Coring adjacent to a hydraulically fractured horizontal well in Eagle Ford shale by Conoco-Phillips has revealed several closely spaced parallel hydraulic fractures (separated only by few inches) propagating in the direction perpendicular to the wellbore axis. The number of observed hydraulic fractures greatly exceed the number of clusters according to the recent paper titled "Sampling a Stimulated Rock Volume: An Eagle Ford Example". The observed behavior is contrary to the conventional practice of hydraulic fracture modeling where often a single fracture from each perforation cluster. This assumption stems from a simplified concept of the stress shadow that inhibit the growth of multiple parallel fractures under very tight spacing. In this study we show that correct modeling can in fact capture the field observed fracture clusters or swarms of closely-spaced fractures.

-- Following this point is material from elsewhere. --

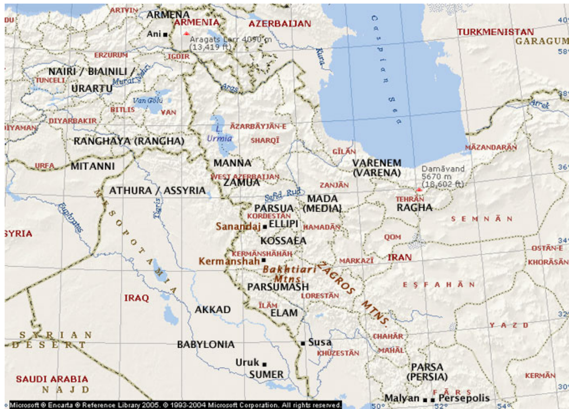
Kart 1: Dette kartet illustrerer noen av nasjonene i det gamle Midtøsten.

Numerical model based on displacement discontinuity method is used to simulate non-planar hydraulic fracture propagation. Fracture deformation, fluid flow and perforation friction are fully coupled. Fracture propagation from a single cluster consisting of 20 perforations under 1800 phasing spanning 5 ft is considered. The effect of controlling parameters such as far-field stress contrast, perforation properties, and fracture toughness on multiple hydraulic fracture growth from a cluster of perforations is studied.
The results show that closely spaced fracture clusters or swarms can occur for a certain range of conditions and operational parameters. The in-situ stress contrast, perforations conditions, and injection rates exert a significant influence. Under the right conditions, closely-spaced fractures can extend to distances exceeding tens of feet from the wellbore. Early termination and/or coalescence of closely spaced fractures can also occur.
To our knowledge, our modeling results are the only ones that can explain the data from the Conoco-Phillips field observations regarding the occurrence of fracture swarms. The resuts show that the assumption of a single fracture per cluster does not hold true under all conditions. Moreover, such assumption would significantly underestimate stimulated rock volume near the wellbore. Finally, our results capture the injection pressure data which can be used as a diagnostic tool to infer the perforation effectiveness (i.e., the number of perforations that are in contact with fluid flow).